Yeast: Yeast is a unicellular fungi, which acts as a leavening or raising agent to raise the bread dough, cake dough, and even used to ferment wine and beer. Some of the foods that use yeast for leavening the dough are breads, cakes, and cookies. Yeast is always mixed with warm water, salt, and little flour when it is used for raising the dough.
Beer : Beer is a fermented drink, which is obtained by saccharification of starch and then fermenting the sugar resulting from it. Beer as a leavening agent in food products is used in preparing beer bread.
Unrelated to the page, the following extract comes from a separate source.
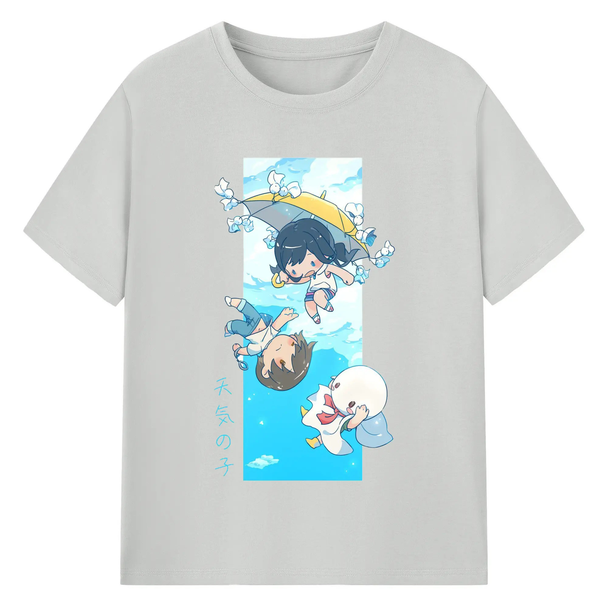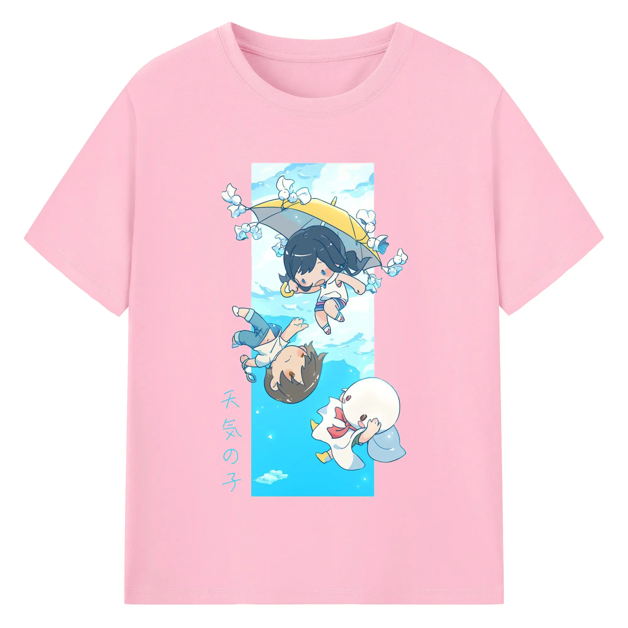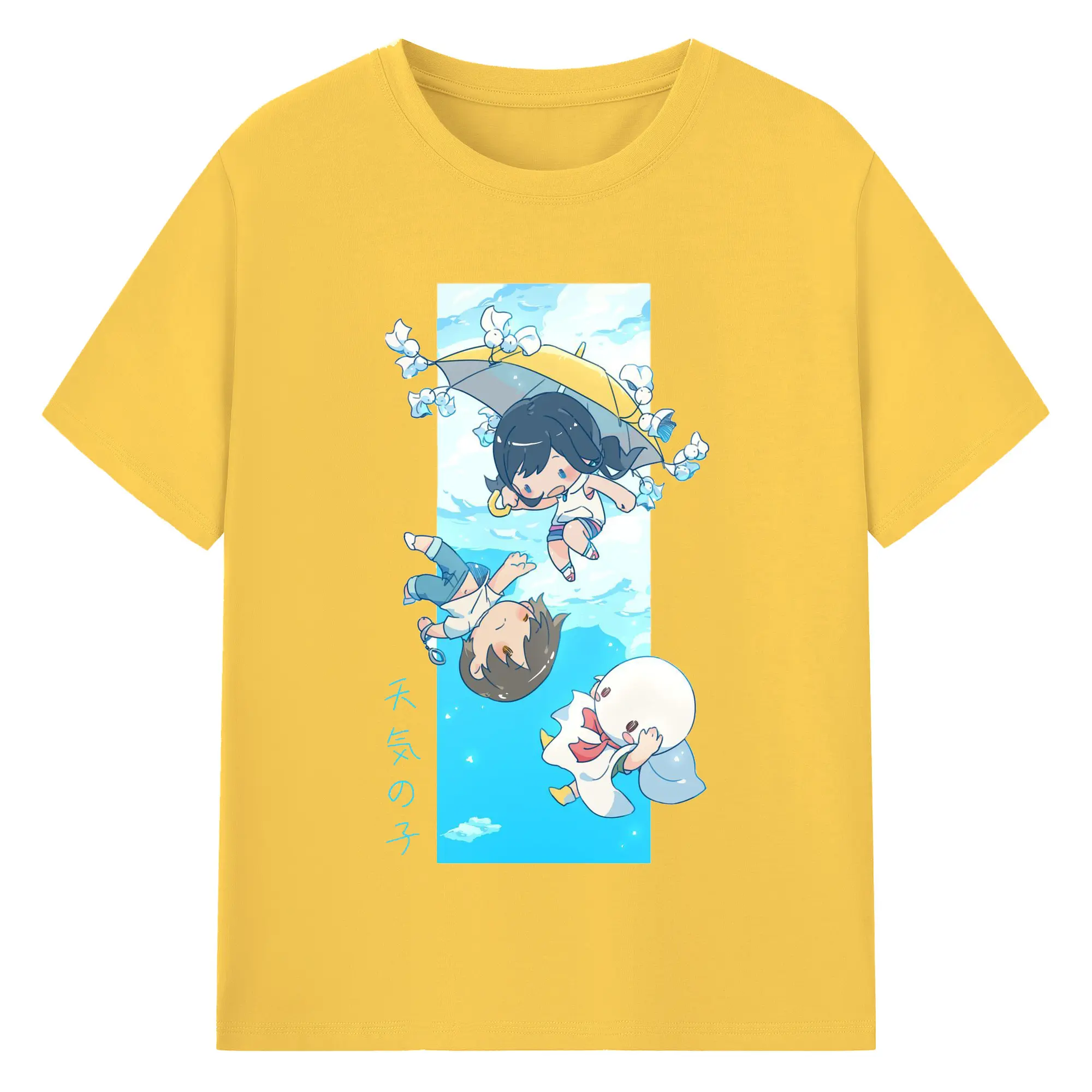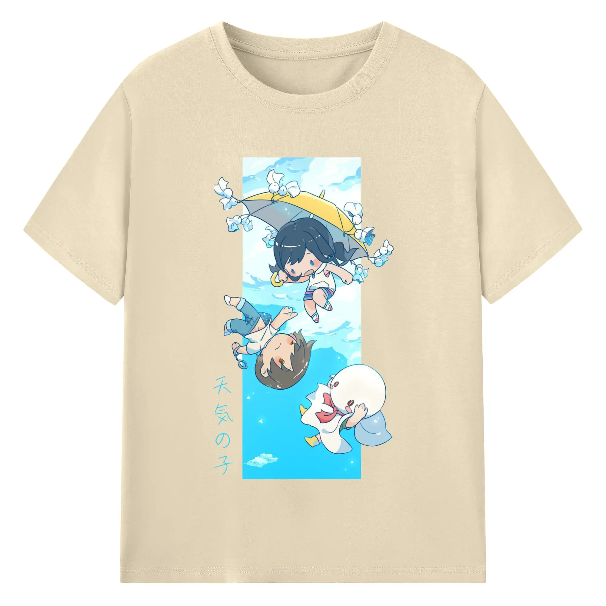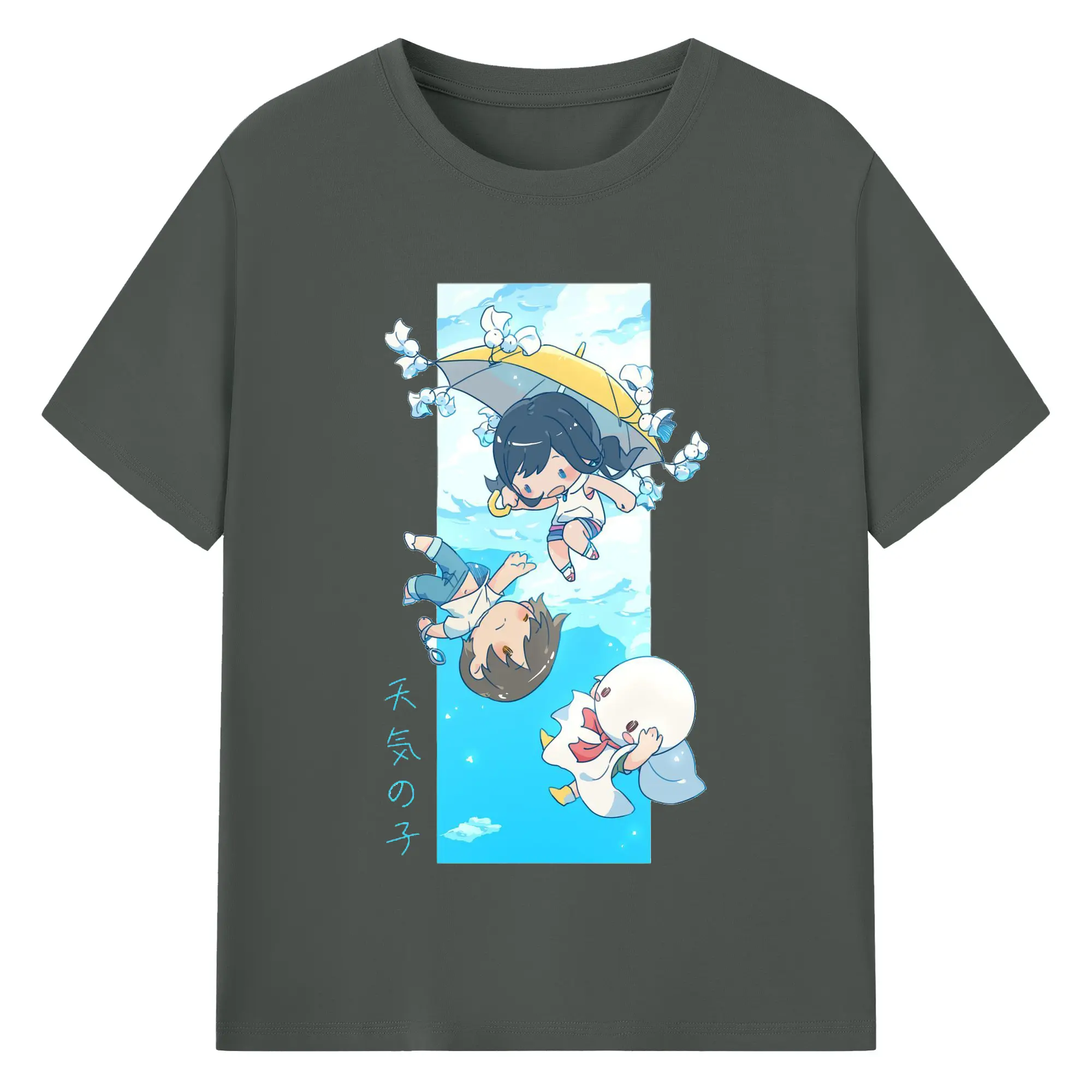 天気の子 WeatheringWithYou - 綿100% ヴィンテージ風 半袖Tシャツ ・ フロントプリント ・ 柔らか肌触り ・ 通気性 快適 ・ スポーツ カジュアル 外出用

However, with this, baking powder is also used to make it lighter and softer.
Buttermilk: Buttermilk or sourmilk, being acidic in nature helps in raising the dough prepared to make pancakes, muffins, cakes, and cookies.
Baking Powder: Baking powder is a dry raising agent, which increases the volume of the product and also lightens its texture. It acts as a leavening agent by releasing causing dioxide in the batter, which creates bubbles and gets into the acid based reaction. It is used in the preparation of cakes, muffins, American style muffins, scones, and breads, often called as quick breads when they are leavened with baking powder.
Steam: Steam is caused in the batter or dough of a dish when large amounts of eggs, water, milk gets converted into steam when heated in the oven. The steam caused by the heat helps in raising the dough of cakes, muffins, and Yorkshire puddings.
Creamed mixture: Creamed mixture is obtained by mixing the butter with sugar which creates bubbles in the batter. This acts as a leavening agent, however, this can further be made into a better leavening agent by adding baking powder or any other chemical based rising agent. This is commonly used in preparing cookies.